A real-time chronicle of designing a coffee mug through conversation alone — where AI controlled Blender via MCP, iterated through failures, and arrived at something neither human nor machine could have built independently.
We tested Claude's ability to control Blender — a professional 3D modeling tool — through MCP (Model Context Protocol) tool calls. The task: design a coffee mug from scratch, responding to real-time user feedback on aesthetics, proportions, and decoration. What emerged was a pattern of ambitious proposals, honest failures, and iterative refinement that ultimately produced a viable product design.
Every engagement begins with discovery. Claude's first action was not to build — it was to look.

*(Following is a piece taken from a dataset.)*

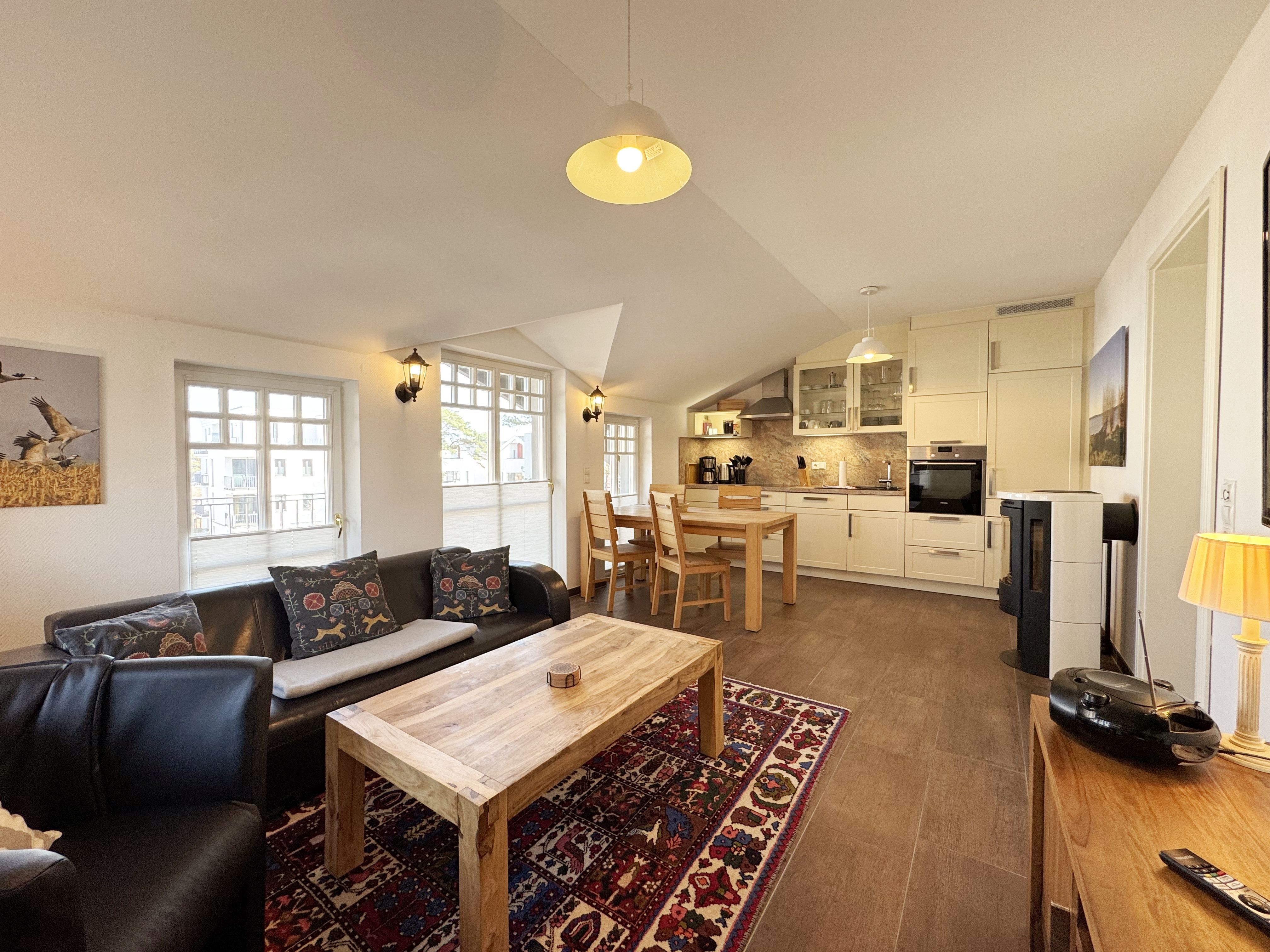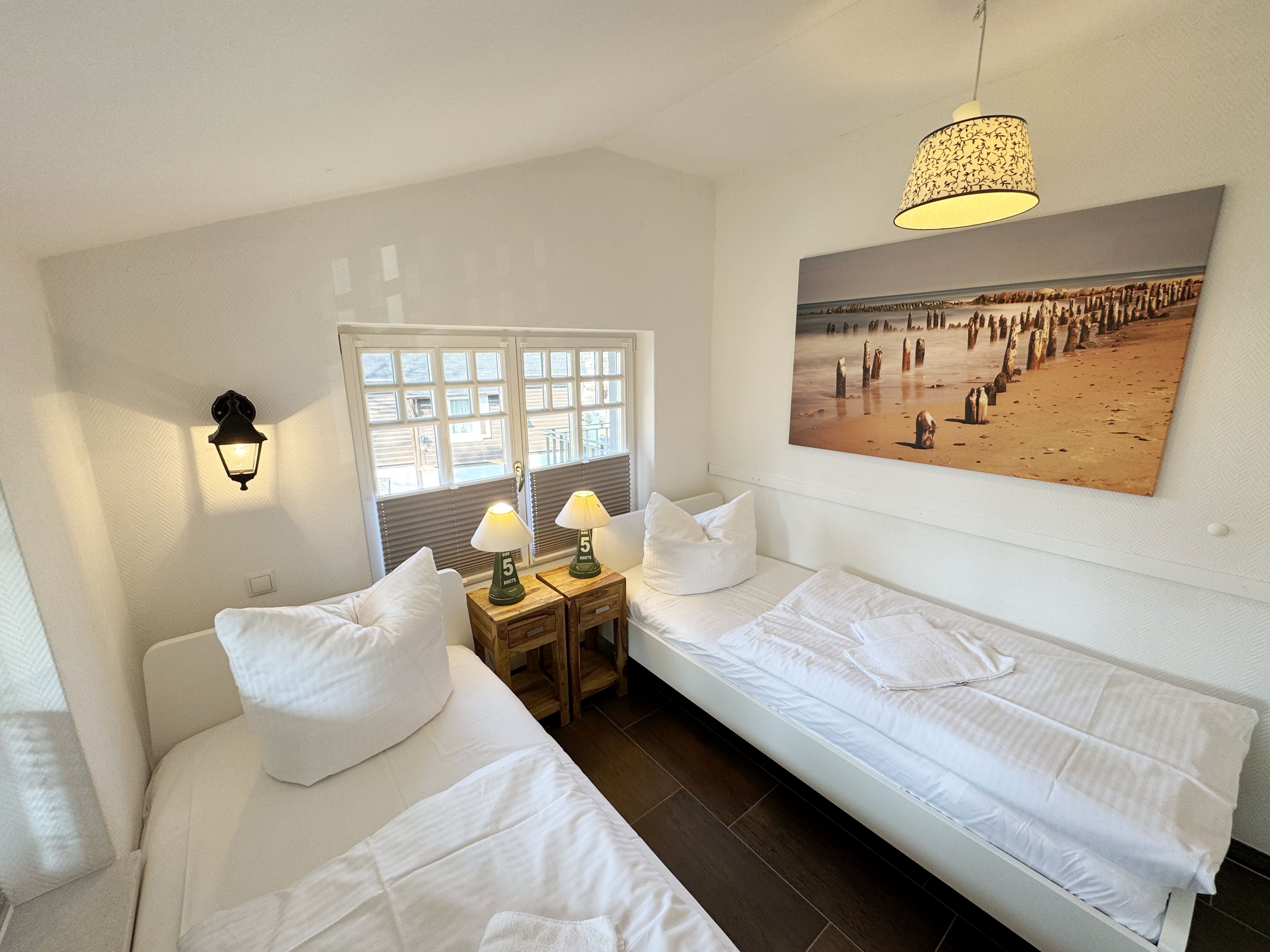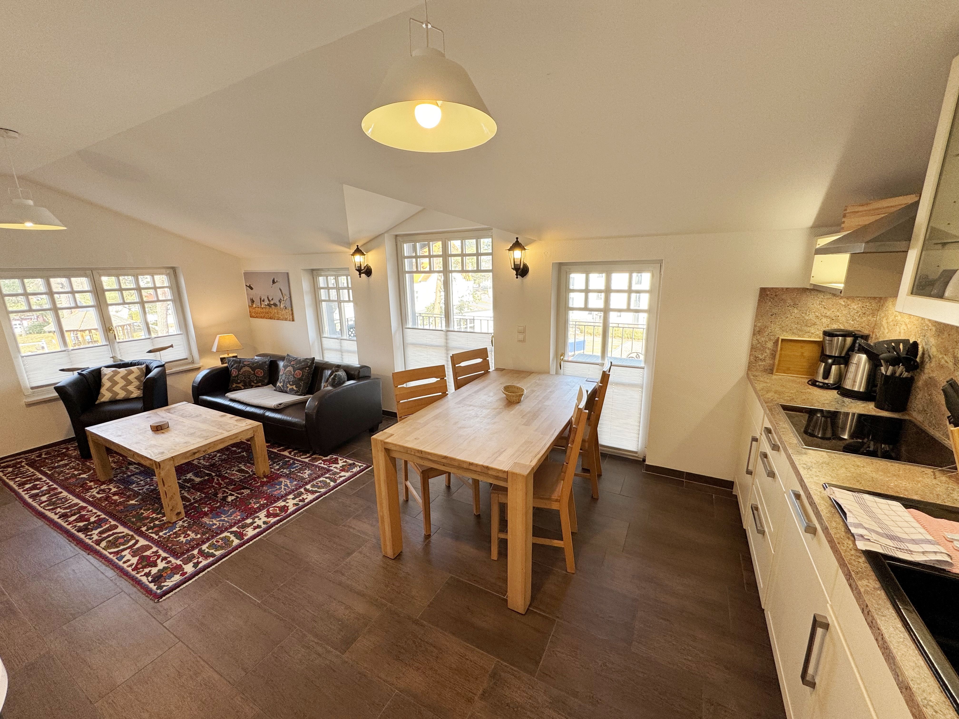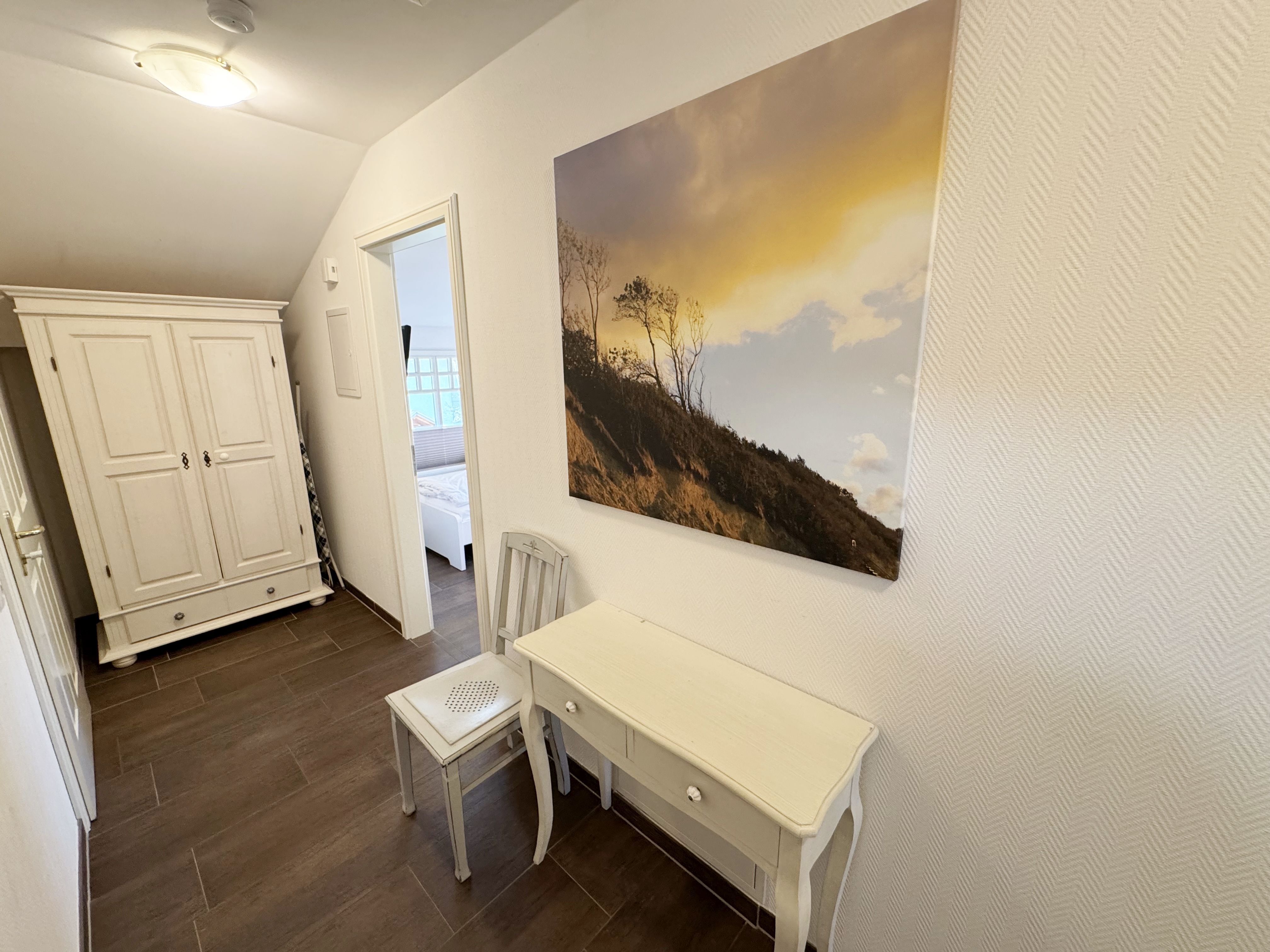 Die modern eingerichtete Nichtraucherferienwohnung 03 im Haus Strandkiefer befindet sich in der 1. Etage. Sie bietet Ihnen mit ca. 56 m² ausreichend Platz für 2 bis 4 Personen + 1 Kleinkind bis 3 Jahre im Kinderreisebett. Vom Flur mit Garderobe gelangen sie in alle Räumlichkeiten. Der helle Wohn-/Essbereich besticht mit seinen bodentiefen Holzfenstern und den Blick auf die Ostsee. Der Wohnbereich wurde mit einer Couch, einem Couchtisch, einem Sessel, einem TV-Board mit einem Smart-TV, einem WLAN-Zugang und einem Blu-Ray-Player ausgestattet. Abgerundet wird der Raum durch einen Kamin, der Ihnen gerade in der kälteren Jahreszeit, zusätzlich zur Fußbodenheizung, eine wohlige Wärme beschert. Die angrenzende Küchenzeile lässt keine Wünsche offen, so dass Sie mit einem Geschirrspüler, einem Backofen (selbstreinigend), einem Kühlschrank mit Gefrierfach, einem Cerankochfeld, einer Mikrowelle, einer Kaffeemaschine, einem Toaster, einem Wasserkocher, einem Mixer sowie diversen Küchenutensilien jede Mahlzeit zubereiten können. Zusätzlich finden Sie hier auch eine Waschmaschine mit Trocknerfunktion. Durch den Essplatz am Fenster wird der Bereich komplettiert. Ihr bestuhlter Balkon (Ost) erreichen Sie vom Wohnbereich, von wo Sie auch den Blick auf das Meer genießen können. Das große Schlafzimmer verfügt über ein Doppelbett (1,80m x 2,00m), verstellbare Lattenroste, Nachttischablagen mit Beleuchtung, einem großen Kleiderschrank und Verdunklungsplissees. Zusätzlich haben Sie auch von hier eine Möglichkeit auf einen weiteren Balkon (Nord) zu kommen. Das kleine Schlafzimmer verfügt über 2 Einzelbetten (0,90m x 2,00m), Nachttischablagen mit Beleuchtung, einem Flachbild-TV und Verdunklungsplissees. Das innenliegende Badezimmer ist mit einer Dusche (flacher Einstieg), einem WC, einem Waschtisch, einem Kosmetikspiegel, einem Fön und einer Badewanne ausgestattet. Ein Wäscheständer sowie Reinigungsutensilien runden die Ausstattung ab. Ihre mitgebrachten oder geliehenen Fahrräder können Sie im kleinen abschließbaren Fahrradschuppen neben dem Hauseingang unterbringen. Ihr PKW-Stellplatz (Nr.03) befindet sich direkt am Haus. 2 Haustiere sind gegen eine Gebühr gern gesehene Gäste. Die Erstausstattung eines Wäschepaketes (komplette Bettwäsche, 1 Duschhandtuch, 1 kleines Handtuch) können Sie bis 14 Tage vor Anreise gegen einen Aufpreis dazu buchen oder durch eigenes Ergänzen. Ab 2 gebuchten Paketen erhalten Sie einmalig 1 Geschirrhandtuch und 1 Duschvorleger hinzu.

Claude called get_viewport_screenshot, get_scene_info, and get_object_info — identifying a smooth white ceramic mug (29,664 vertices), one area light, a camera, and a ground plane. Four objects. Two materials. A clean starting point.
get_viewport_screenshot(max_size=800)get_scene_info() → 4 objects, 2 materialsget_object_info("tea mug") → 29,664 verts, 59,328 edges
Claude proposed "The Erosion Mug" - Voronoi fracture holes, a DNA helix handle, a gravity-defying tilted base, and bioluminescent glowing cracks. Some of it worked brilliantly. Some of it didn't.
Using Voronoi noise + Perlin noise layered together, Claude selected and deleted 4,533 faces from the mug body in a natural, organic pattern. A Solidify modifier gave the broken edges visible ceramic thickness. This was genuinely impressive procedural modeling - the kind of organic destruction pattern that would take a human artist significant manual work.
execute_blender_code -> bmesh face selection via noise.noise(fc * 3.5, noise_basis='VORONOI_F1')execute_blender_code -> delete 1,167 + 3,366 facesexecute_blender_code -> Solidify modifier (thickness=0.04)
The helix appeared inside the mug on the first attempt - wrong coordinate space. Second attempt: still inside. Third attempt: wrong scale. It took 3 complete rebuilds to correctly map local coordinates to world space. The underlying issue: Claude confused the mug's local origin offset (0, 0, 1.193) with its surface geometry bounds.
Cutting the base at an angle hit 3 sequential errors: solver='FAST' doesn't exist (only FLOAT, EXACT, MANIFOLD). EXACT solver's modifier was disabled. Claude abandoned booleans entirely and deleted faces below an angled plane equation - a manual workaround for a tool limitation it didn't anticipate.
Procedural generation (noise patterns, mathematical curves) is Claude's strength. Spatial reasoning in 3D coordinate systems is its persistent weakness - and Blender API version differences create unpredictable failure points.
A stacked-segment mug with a ladder handle. Claude rebuilt the entire scene to match - then the user delivered the most important feedback of the session.
Claude analyzed the uploaded image: 3 stacked cylindrical segments, horizontal bar handle with ball ends, notch cutouts at the base. It cleared the entire scene and rebuilt from scratch - each segment as a separate hollow cylinder.
This was the most important moment of the session. The stacked segments were each 0.72 units tall (2.4 total) - proportions that read as industrial barrel, not coffee vessel. The ladder handle floated away from the body. Claude had correctly replicated the reference geometry but failed to understand what makes an object feel like its intended category. This required a fundamental rethink - not a parameter tweak.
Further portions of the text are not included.